I had anterior myocardial infarction five years back, and I was on medications until angiogram and angioplasty were done last year. My last month echo report states, mid anterior septum, anterior wall, and anterolateral wall thinned and hypokinetic. Apical septum, LV apex thinned, and akinetic. Dilated LV with moderate LV dysfunction. No LV clot, 2+ tricuspid regurgitation, moderate pulmonary artery hypertension, mild mitral regurgitation, impaired RV function (TAPSE 1.4cm), dilated right and left atrium, and EF is 40 %. Does the above indicate any bigger trouble?
These are changes due to AWMI (anterior wall myocardial infarction). You are having dysfunction of the heart, which is of moderate intensity. It is a significant dysfunction, but manageable. Normal functioning of the heart is more than 55 %, and yours is 40 %. Survival chances are very less with heart functioning less than 15 %, so you have sufficient reserve. Now, the priority is to prevent further damage to the heart, which can be by healthy lifestyle and medicine. You should visit a hospital if any recurrence of chest pain, chest heaviness, or sudden onset sweating, etc. You should have a healthy lifestyle as follows. Avoid fatty, oily, and high-calorie diet. Have low-salt diet and monitor blood pressure regularly. Blood pressure should not be persistently more than 140/90 mmHg. Do regular exercises like brisk walking or just walking according to your capacity for at least 30 minutes a day and five days a week. Consume a lot of green leafy vegetables, fruits, fish once or twice a week, and avoid meat. Avoid smoking and alcohol if any.

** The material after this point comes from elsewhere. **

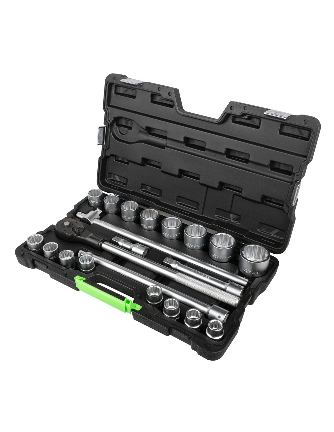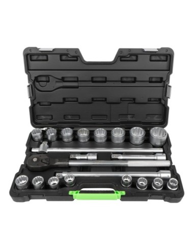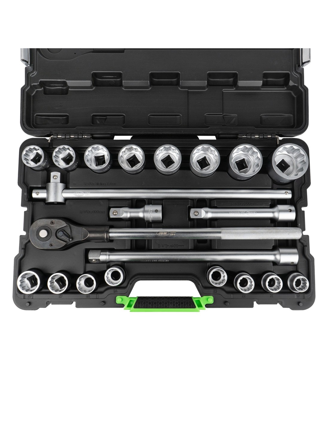 Maletín de herramientas de 21 piezas con vasos de 12 cantos de 3/4", acabado cincado y fabricados en acero CrV de alta resistencia. Incluye carraca universal de 500 mm, adaptador con corredera, barras de extensión y vasos cortos de 19 a 50 mm. Todo organizado en un robusto estuche, ideal para trabajos de alto par y aplicaciones profesionales en mecánica e industria.

Also, you need to be on medicines like Atorvastatin or Rosuvastatin, Aspirin, Clopidogrel, Ramipril, beta blockers like Metoprolol, Spironolactone, etc., which I guess you must be on. Also, your lungs need to be evaluated once, and you will need a chest x-ray and if necessary HRCT (high-resolution computed tomography), if not done earlier. Hope this helps you, and get back if you have any doubts.
Thanks a lot for taking the time to review my reports and advice. I have been following the lifestyle changes mentioned by you for the last 5 years since the AWMI occurred. Lifestyle changes regarding food, exercise, and medications. I missed mentioning that I had CKD diagnosed five years back. At that time, the creatinine was 1.7. The kidney disease progressed, and I had to go for AV fistula and then hemodialysis. I got the simultaneous kidney and pancreas transplant done last month. The echo report which I sent you last time was taken just before this surgery. I have few queries in mind which I request your opinion on. My EF was 50 % when I got discharged from the hospital five years back, but over time, it has degraded to 35 %. What could be the reason for the same? I had to go for angiogram and angioplasty purely because I had to get the clearance certificate from the cardiologist to undergo the transplant. But personally, I was not sure about the advantages of doing it because the heart muscle had already died in AWMI and clearing the block now after 4.5 years will not be of any help, right? I have attached the echo taken last year, and the EF was 35 % then and 40 % now. The right atrium, left atrium, and right ventricle was normal before the angioplasty, but now after a year, it is all dilated. How can this happen? Will the transplant help the heart to get better in any way? Should I go for bringing the AV fistula to normal so that the load on the heart is reduced? Thanks in advance for your support.
Firstly, there are two reasons for decreased ejection fraction. One is the presence of block, which is not complete but 95 %. Due to this, there is continuously decreased blood supply to the heart tissue and gradually heart tissue becomes less functioning but not dead. This non-functioning is called as hibernation of the heart. Due to this, both heart function goes down, and heart function may improve after opening the vessel, which was the basis for your angioplasty and improvement in function to some extent. Some tissue was already dead, and some part was hibernating, so angioplasty had probably lead to slight improvement in heart function. Another cause is once the heart is damaged, then vicious cycle begins, and some internal factors kept on damaging the heart, and to prevent this we keep the patients on beta blockers, ace inhibitors, and spironolactone, which slow down the damage process. The likely cause for dilated right heart is fistula only, so if there is no need, then it should be closed. It is possible that right side was dilated to a small extent at the time of angioplasty only, but it was overlooked since it was minimal and now it has progressed over a year to a noticeable extent. An echocardiogram is highly observer dependent investigation, so it depends on the observer as well and what he considers as abnormal. Hope this clears your doubts.